Duh! is a weekly column that gives circuitous answers to obvious questions. If you dig it, you can find 100 more of these essays in the Geeks Who Drink book, Duh!.


Some freaky math: From 2020 to 2022, the Lego Corporation made about $24 billion in revenue. Which suggests that they sold 240 billion little bricks. Meanwhile, there are only about 1.3 billion kids between ages 5 and 14 on the whole planet. So in three years, the Danish company pumped out enough plastic to provide every single kid on Earth with an Eve and WALL-E Brickheadz set,1 and still have 39,000,000,000 pieces left over.

Every Lego stat is equally stupefying:

  • Every minute, on average, they sell 420 sets. And if Broadway has taught us anything, it’s that there are a lot of minutes in a year. (It works out to about 220 million sets.)
  • A single Lego can hold nearly a half a ton of weight without breaking – so, 375,000 times its own weight. Ants are sad little weaklings by comparison.
  • According to an oft-cited, undated stat – i.e. it’s probably low – there are more than 4 billion minifigures in existence. That means Lego Nation is more populous than the top seven human countries combined… and they didn’t even start making the little people until 1978, nearly 30 years after the bricks.

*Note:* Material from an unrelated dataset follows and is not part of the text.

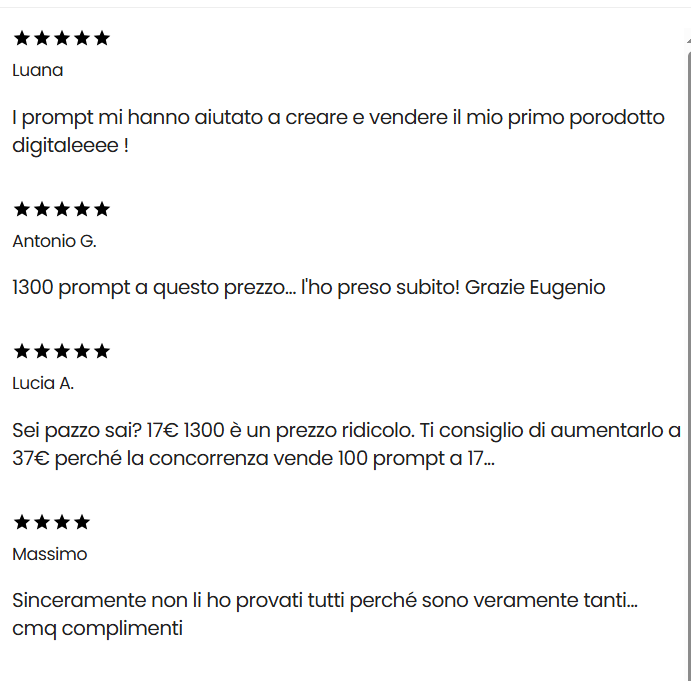 Crea l'impossibile con questa guida di oltre 1300 Prompts (1000 + 300 BONUS). I prompts sono divisi in 10 categorie... Clicca in basso per saperne di più

It’s an awfully big jump up for the company that carpenter Ole Kirk Christiansen started in tiny Billund, Denmark, in 1932. Hell, he only started making toys in the first place because the knock-on effects of the Great Depression left his fellow Jutlanders too poor to avail themselves of his house- and furniture-building skills. He was 55 years old when he bought his first plastic injection-molding machine, and… well, 75 years later, they injection-mold enough plastic annually to stretch around the world a couple dozen times.

For all that, though, Lego is not even in the top 10 biggest companies in Denmark, a nation that’s home to about as many people as Wisconsin. What gives? Well, even Lego knows that Maersk is a pretty big deal.2 Founded in 1904, the shipping and logistics firm controls about 18% of the world’s container ship capacity,3 as well as 75 million square feet of warehouse space.

Actually, you know what I would do with 75 million square feet of warehouse space? I’d build 14 million Lego Millennium Falcons. Step one: Save up $12 billion …

  1. a) How ironic, all this forever plastic making WALL-E toys. b) Oh my god it’s so cute. How did this credit card get in my hand???
  2. So does Tom Hanks: The SS Maersk Alabama was the ship hijacked by Somali pirates in 2009, leading to Hanks’s title role in Captain Phillips. According to one critic, he played it with “the sense of a normal, modest everyman who is in over his head,” so… yeah, Tom Hanks.
  3. In 1999, they even bought the American company Sea-Land, which in the ‘50s was responsible for standardizing the 20- and 40-foot intermodal shipping containers we know to this day. USA! USA!